As Ruth sang “Gift of God” with my brother, and the choir gently sang our responses to the verses, I closed my eyes, overwhelmed by the beauty of the music.
I opened them and saw my uncle, the choir director. He lost his seventeen-year-old son, my cousin, in a car accident this summer. Yet there he was, pouring himself out, feeling the music as I was. Finding healing in it. Tears gathered in my eyes as I watched him with compassion and admiration.
And in that moment, I felt the petty details of the week be stripped away. Why had I allowed such clutter to build in my heart and mind this week? Had I been preparing my heart with room for the Savior only to fill it with worries and selfishness just before His coming?
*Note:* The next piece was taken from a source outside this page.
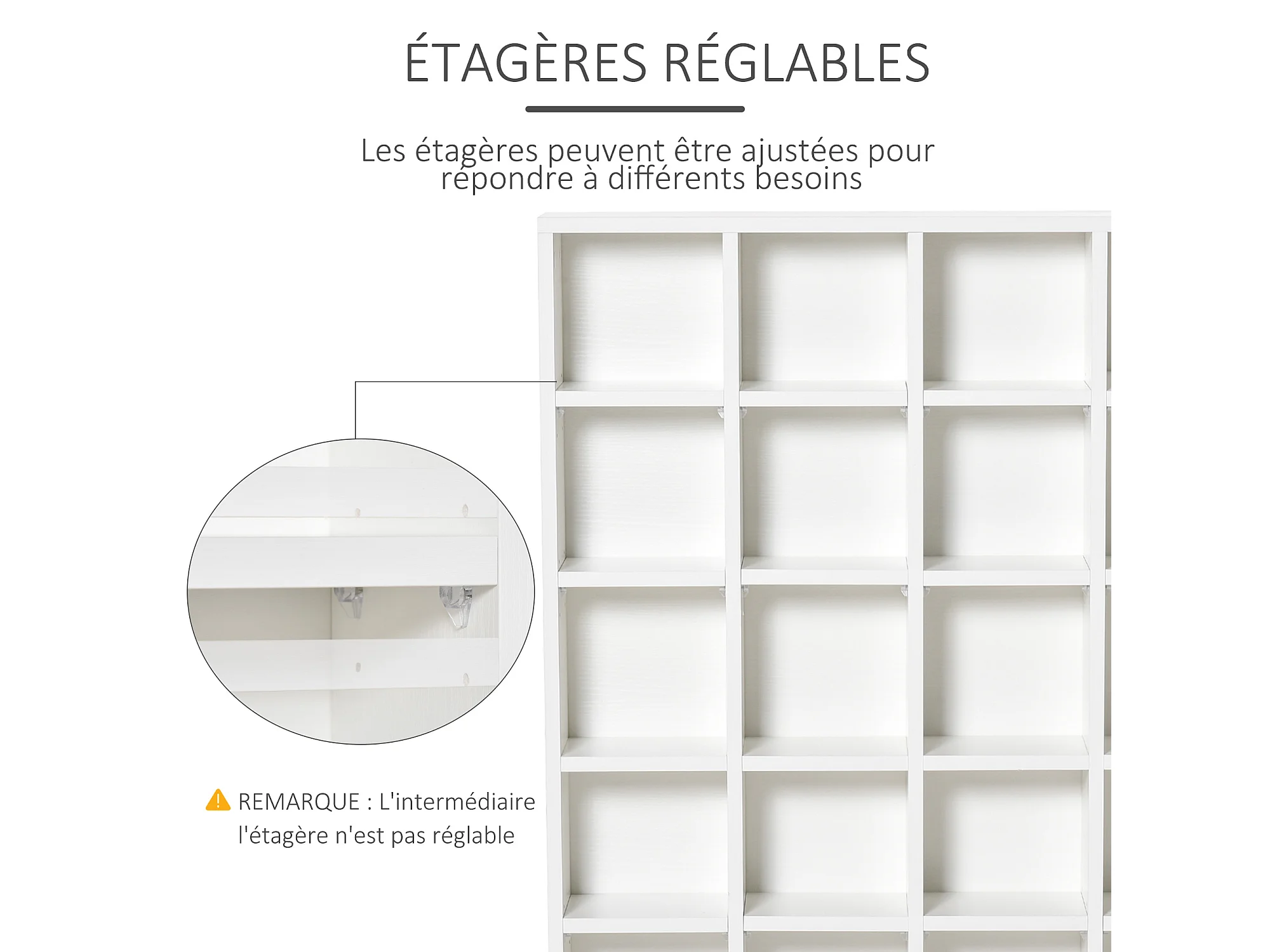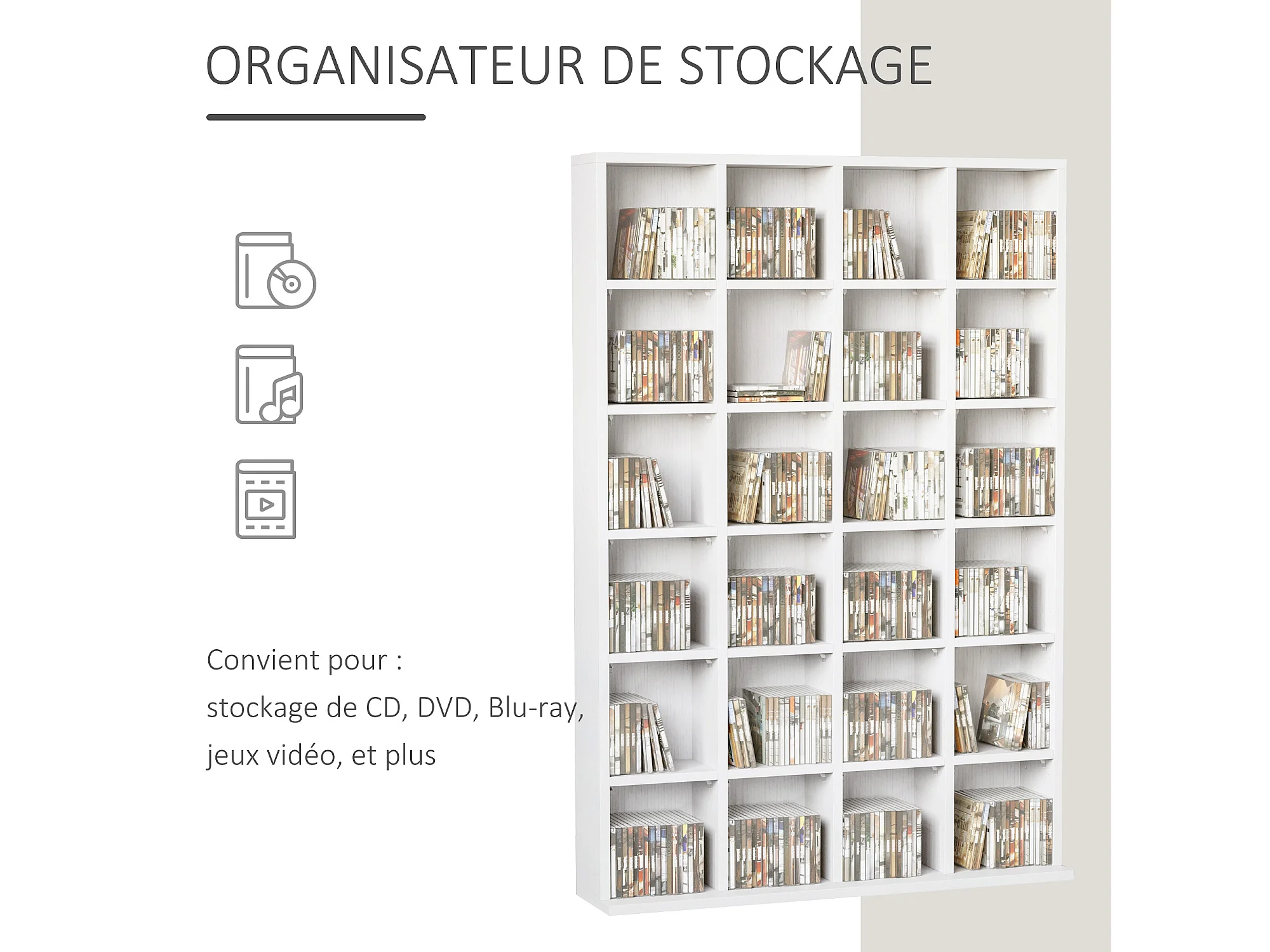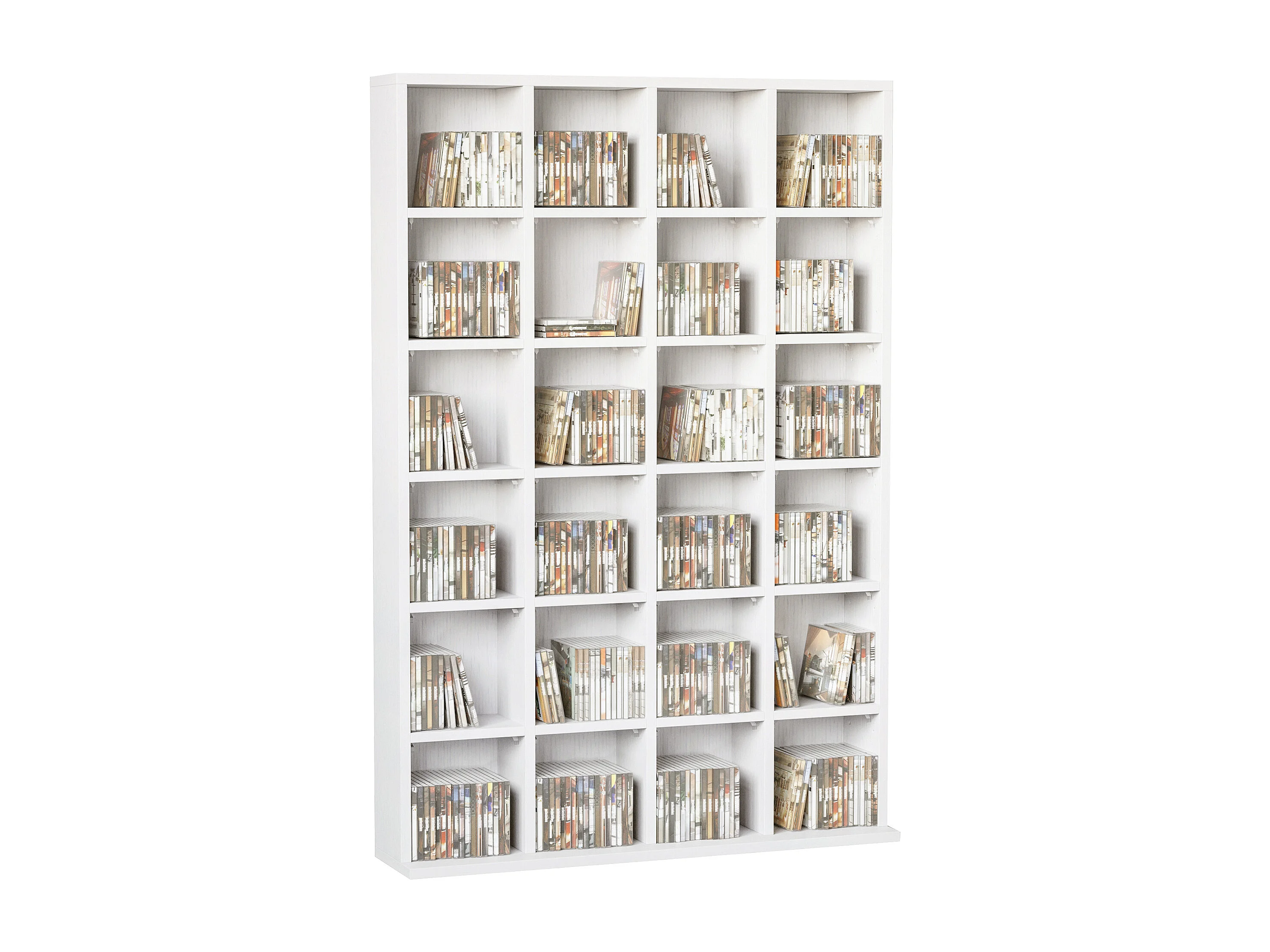 Étagère rangement CD/DVD meuble de rangement pour 480 CDs 24 compartiments réglables en hauteur 89 x 20 x 130 cm blanc

“Word of prophets, word of poets, Holy Word of God made flesh…to a world of pain and suffering, comes the hope of joy renewed.” Kyle’s and Ruth’s beautiful voices echoed through the church.
“Gift of God, O Emmanuel,” We responded to each verse, with reverence and emotion.
The purity and simplicity of Christmas was right there, in those lyrics, those five words.
This indescribable gift of God—that He came down to earth, to be God-with-us—Emmanuel.
The God who is with my uncle and family in their unimaginable grief. The God who is with me in my heartache and confusion. The God who is with each one of us in our fears, frustrations, and uncertainties.
Gift of God. Emmanuel. It’s that simple. And that powerful.
Merry Christmas Eve, dear friends. Tonight is a holy night.